A dispute Thursday between state transportation workers and someone from the home on Highway 72 precipitated the incident, DOT spokesman Pete Poore said.


----------



## Deuce (Sep 27, 2003)

I'm thinking those Bixby fella's shouldn't have made it out alive.....


----------



## mpd61 (Aug 7, 2002)

Some people can't handle "Emminent Domain" issues. Ya sure! Take on the State, you'll win evertime. YIKES!!!!!! Most unfortunate for those killed-in-the-line. 

Can you imagine this crap here in Massachusetts? "Yes sir/m'am we need to move back your front yard about 12 feet back to widen the roadway, but we'll cut you a check for fair market value of the land and.....BANG! BANG! BANG!
:shock:


----------



## Guest (Dec 10, 2003)

Didnt some guy pull some crap sometime ago where he was holding out in his house and the Marshals Service tried arrest him on some land tax issues, I dont remember if there was any violence involved, but I do remember some incident here in Mass like that.

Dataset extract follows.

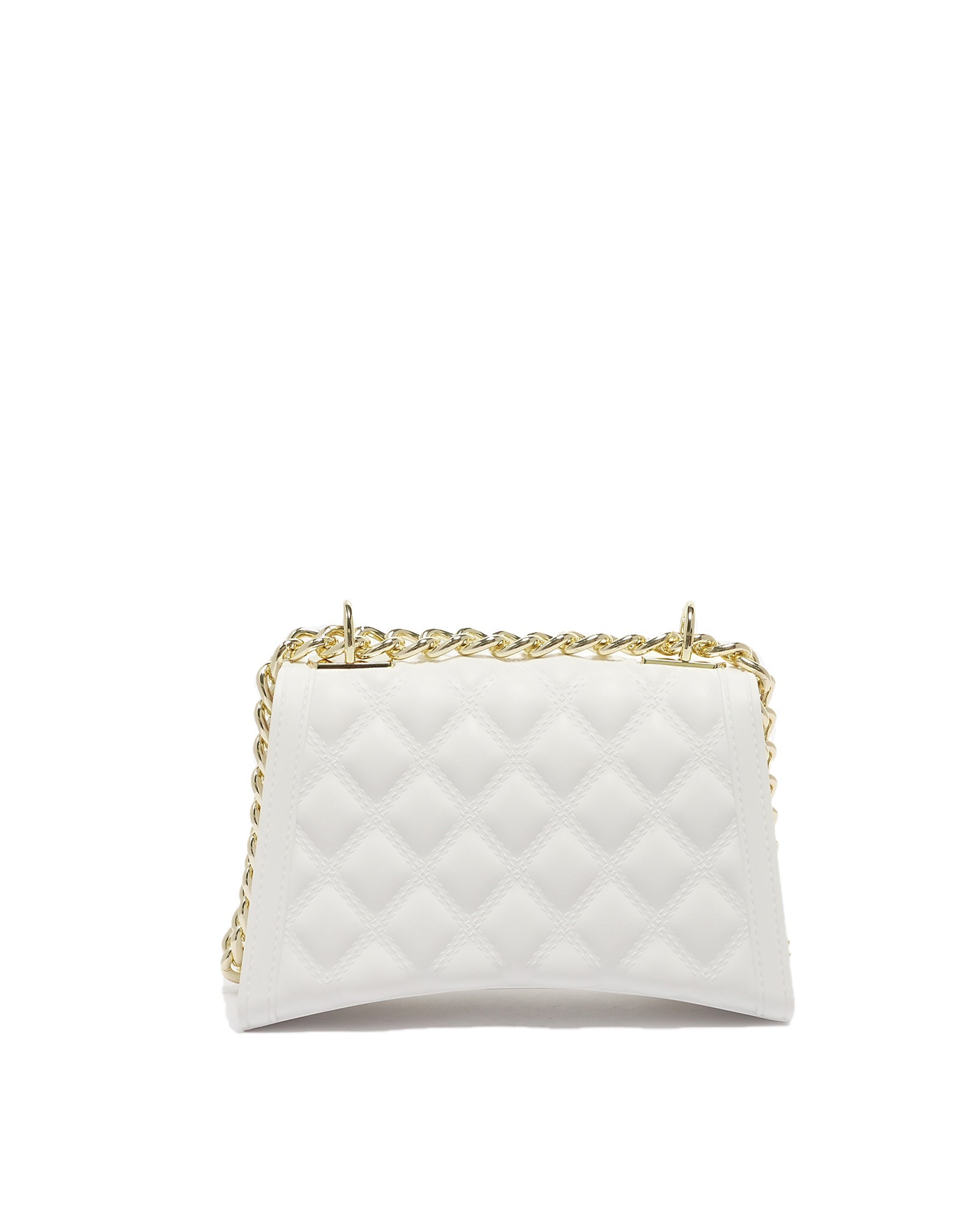 Borsa a mano da donna. La chiusura è ad incastro. Le tasche interne sono assenti. Le tasche esterne sono assenti. La tracolla è catena. Il manico è assente. Gli scomparti interni sono uno. Il materiale esterno è PVC.

Moment of silence for the fallen SC officers.


----------



## luap112 (Jan 24, 2003)

Hunter,

I remember that Happened North of Boston. I know it ended peacfully. forgot what happened whether Gov't gave up or he ended up going to jail?


----------



## LeadDog17 (May 3, 2002)

HEY, BartPD! Wasn't that in your neighborhood? Enligten us!


----------



## PearlOnyx (Jun 28, 2002)

Yeah that was up in my neck of the woods. I think it was in Peabody. The state wanted to take some land and the guy wasn't too cooperative. It still pops up in the paper once and awhile.


----------



## csauce30 (Aug 23, 2002)

> I'm thinking those Bixby fella's shouldn't have made it out alive.....


The article mentioned suicide notes. Wouldnt it have been a shame if they attempted "suicide by cop" and succeeded??


----------